Let p=y/x, then dp/dx=1/x.dy/dx-y/x^2, so x^2dp/dx=xdy/dx-y and dy/dx=y/x+xdp/dx=p+xdp/dx.
So, p+xdp/dx=1/sin^2p+p and xdp/dx=1/sin^2p. So sin^2pdp=dx/x.
Integrating both sides: int(sinp.sinpdp)=lnx+k, where k is the constant of integration.
On the left, let u=sinp and dv=sinpdp, then du/dp=cosp and v=-cosp. We know that "d(uv)=udv+vdu", so d(-sinpcosp)=sin^2pdp-cospsinpdp and int(sin^2pdp)=-sinpcosp+int(cospsinpdp).

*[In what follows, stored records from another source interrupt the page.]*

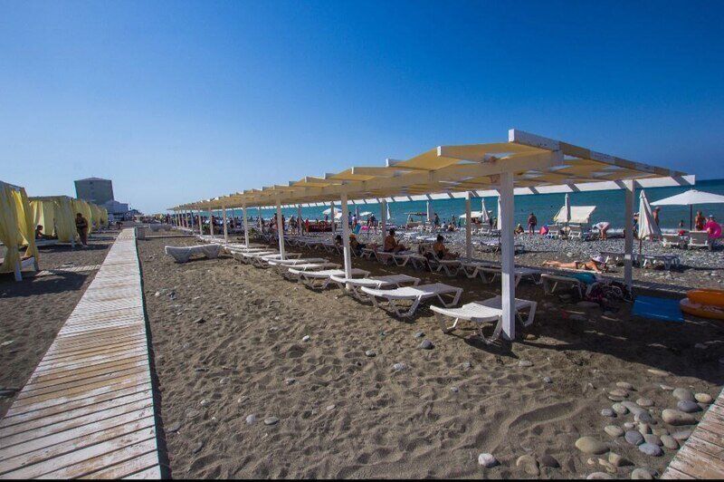 Пляж оборудован всеми необходимыми удобствами и развлечениями как для взрослых так и для детей. На территории пляжа есть Дельфинарий.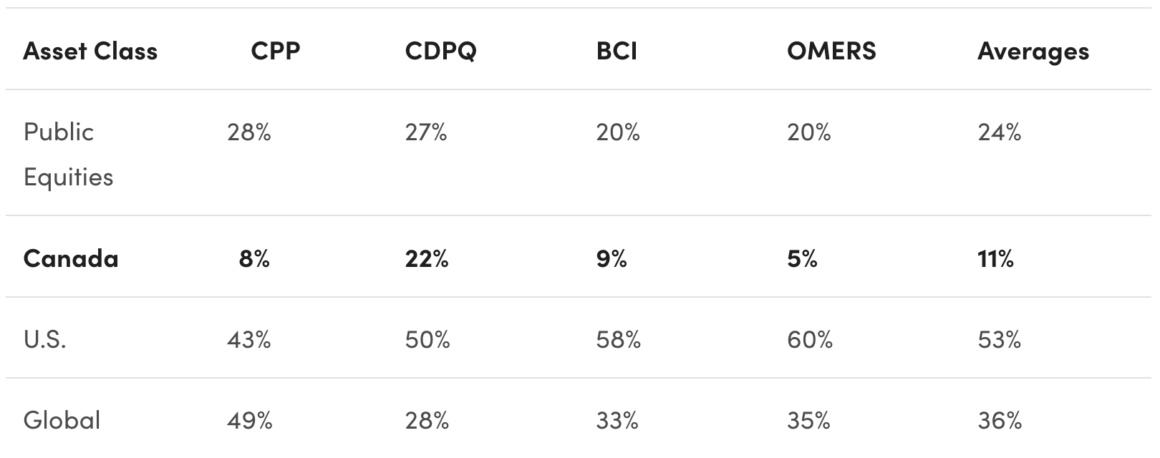 Canada’s largest pension funds collectively allocate an average of ~11% of their public equity portfolios to Canadian companies.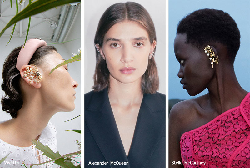 斯特拉·麦卡特尼(Stella McCartney)就是一个例子,他的过耳袖口遮住了耳朵的小金色曲线,并用珍珠来柔和这种效果。在Vivetta,一个华丽的耳套看上去就像是从耳朵里面爆炸出来的,上面有钻石花和一只小虫子。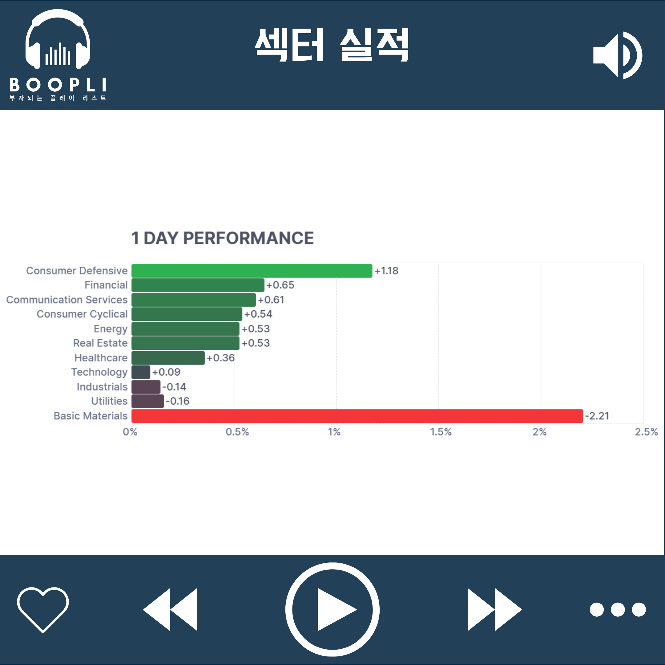 경기 방어주가 상승을 주도했으며, 이어서 금융, 커뮤니케이션 서비스, 소비 순환재, 에너지, 부동산 순으로 강세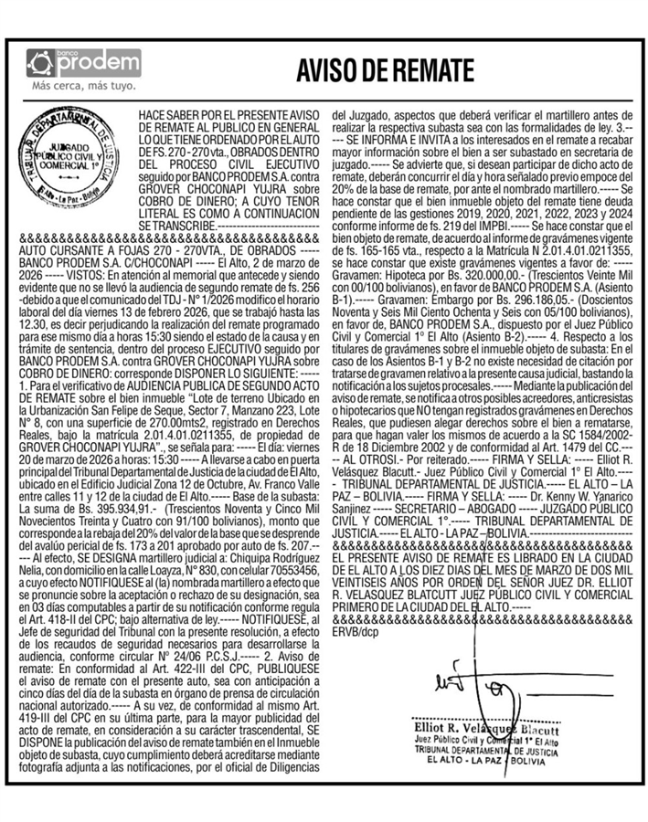 Aviso de Remate Chuquisaca |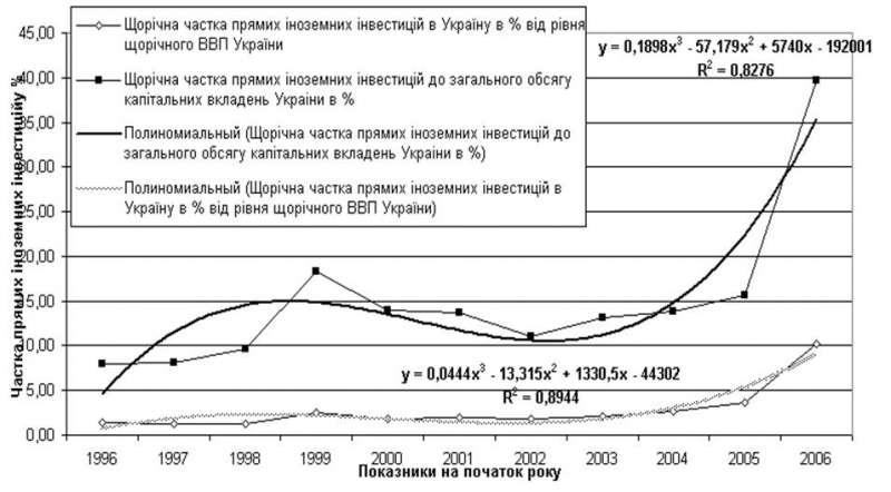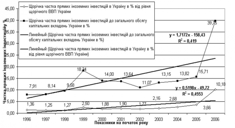 Лінійний та нелінійний регресійний аналіз залежностей щорічних обсягів іноземних інвестицій відносно щорічних обсягів ВВП України та відносно щорічних обсягів загальних прямих капітальних інвестицій в економіці України, проведений з застосуванням інструментів графо-статистичного аналізу в “електронних таблицях” EXCEL-2000, показав що: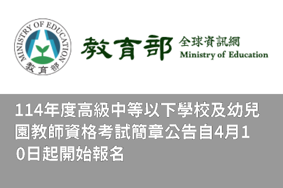 114年度高級中等以下學校及幼兒園教師資格考試(以下簡稱教師資格考試)訂於6月15日(星期日)舉行,考試簡章今(28)日公告於教師資格考試網站(https://tqa.rcpet.edu.tw),報考人請自行至網站免費下載。114年度教師資格考試報名自114年4月10日(星期四)上午8時30分起至4月17日(星期四)下午3時止,採網路報名,亦須於期限內完成繳費,逾期不予受理。

Let z=sinp then dz/dp=cosp so dz=cospdp so int(sinpcospdp)=int(zdz)=(1/2)z^2=(sin^2p)/2.
So int(sin^2pdp)=-sinpcosp+(sin^2p)/2=sin^2(y/x)-sin(y/x)cos(y/x), substituting for p, and this is equal to ln(x)+k.
The complete answer is ln(x)=sin^2(y/x)-(sin(y/x))(cos(y/x))+C where C=-k. This is an implicit solution because x and y cannot be separated to put one in terms of the other.
(Using trig identities we could have made substitutions for sin(y/x)cos(y/x) as (1/2)sin(2y/x), for example, but this is a calculus problem and not a trig problem.)